Bach lived in Italy for many years starting in 1754, studying with Padre Martini in Bologna. He became organist at the Milan cathedral in 1760. During his time in Italy, he converted from Lutheranism to Catholicism and devoted much time to the composition of church music, including music for a Requiem Mass and a Te Deum. Johann also composed a quantity of Latin sacred music during his time in Italy. His first major work was a Mass, which received an excellent performance and acclaim in 1757. In 1762, Bach travelled to London to première three operas at the King's Theatre, including Orione on 19 February 1763. In 1764 or 1765, the castrato Giusto Fernando Tenducci, who became a close friend, created the title role in his opera Adriano in Siria at King's.

That established his reputation in England, and he became music master to Queen Charlotte. In 1766, Bach met soprano Cecilia Grassi, who was eleven years his junior, and married her shortly thereafter. They had no children. J. C. Bach performed symphonies and concertos at the Hanover Square Rooms. This was London's premier concert venue in the heart of fashionable Mayfair. The surrounding Georgian homes offered well-to-do clientele for his performances.
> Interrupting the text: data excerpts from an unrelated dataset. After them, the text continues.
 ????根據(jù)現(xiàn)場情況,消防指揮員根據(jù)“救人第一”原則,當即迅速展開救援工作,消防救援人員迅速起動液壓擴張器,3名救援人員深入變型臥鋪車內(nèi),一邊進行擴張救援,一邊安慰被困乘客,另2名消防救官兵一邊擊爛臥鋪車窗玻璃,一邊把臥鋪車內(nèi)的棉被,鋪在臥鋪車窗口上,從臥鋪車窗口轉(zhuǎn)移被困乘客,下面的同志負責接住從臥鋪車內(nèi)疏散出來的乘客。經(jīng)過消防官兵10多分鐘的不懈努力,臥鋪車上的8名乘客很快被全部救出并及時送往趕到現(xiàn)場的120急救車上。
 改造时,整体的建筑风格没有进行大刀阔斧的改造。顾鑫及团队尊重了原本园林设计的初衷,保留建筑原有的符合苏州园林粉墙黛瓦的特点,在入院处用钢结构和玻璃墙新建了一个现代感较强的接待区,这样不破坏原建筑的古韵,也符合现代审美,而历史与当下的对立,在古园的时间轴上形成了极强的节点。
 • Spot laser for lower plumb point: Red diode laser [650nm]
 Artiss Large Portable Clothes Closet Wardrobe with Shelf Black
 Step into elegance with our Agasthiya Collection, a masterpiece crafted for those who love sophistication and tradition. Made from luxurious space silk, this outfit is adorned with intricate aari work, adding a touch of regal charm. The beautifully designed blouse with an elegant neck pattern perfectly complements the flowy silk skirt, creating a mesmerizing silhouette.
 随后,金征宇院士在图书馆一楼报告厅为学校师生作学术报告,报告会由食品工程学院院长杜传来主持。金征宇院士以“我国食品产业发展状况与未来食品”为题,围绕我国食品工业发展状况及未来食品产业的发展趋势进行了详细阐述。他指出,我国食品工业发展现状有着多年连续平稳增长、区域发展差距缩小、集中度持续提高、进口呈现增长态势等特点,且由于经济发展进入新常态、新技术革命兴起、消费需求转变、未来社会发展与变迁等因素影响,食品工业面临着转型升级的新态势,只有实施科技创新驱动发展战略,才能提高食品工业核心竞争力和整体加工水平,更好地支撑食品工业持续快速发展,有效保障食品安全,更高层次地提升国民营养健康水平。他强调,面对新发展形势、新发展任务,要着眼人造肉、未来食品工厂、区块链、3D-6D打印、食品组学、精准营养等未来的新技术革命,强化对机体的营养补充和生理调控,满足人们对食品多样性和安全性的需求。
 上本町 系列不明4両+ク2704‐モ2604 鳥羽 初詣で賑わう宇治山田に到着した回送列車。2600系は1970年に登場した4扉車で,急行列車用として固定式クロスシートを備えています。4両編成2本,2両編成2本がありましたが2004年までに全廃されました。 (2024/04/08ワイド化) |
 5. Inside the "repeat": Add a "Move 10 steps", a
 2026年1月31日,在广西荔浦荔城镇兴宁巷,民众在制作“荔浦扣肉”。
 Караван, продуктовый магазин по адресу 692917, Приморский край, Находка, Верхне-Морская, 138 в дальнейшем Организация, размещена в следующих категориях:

One of London's primary literary circles, which included Jane Timbury, Robert Gunnell Esq., Lord Beauchamp, and the Duchess of Buccleuch, was acquainted with Bach, and members were regular attendees at his events.

In 1777, he won a landmark case, Bach v Longman, which established that (in English law) copyright law applied to musical scores.

By the late 1770s, both his popularity and finances were in decline. By the time of Bach's death on New Year's Day 1782, he had become so indebted (in part due to his steward embezzling his money), that Queen Charlotte stepped in to cover the expenses of the estate and provided a life pension for Bach's widow. He was buried in the graveyard of St. Pancras Old Church, London.

Legacy

A full account of J. C. Bach's career is given in the fourth volume of Charles Burney's History of Music.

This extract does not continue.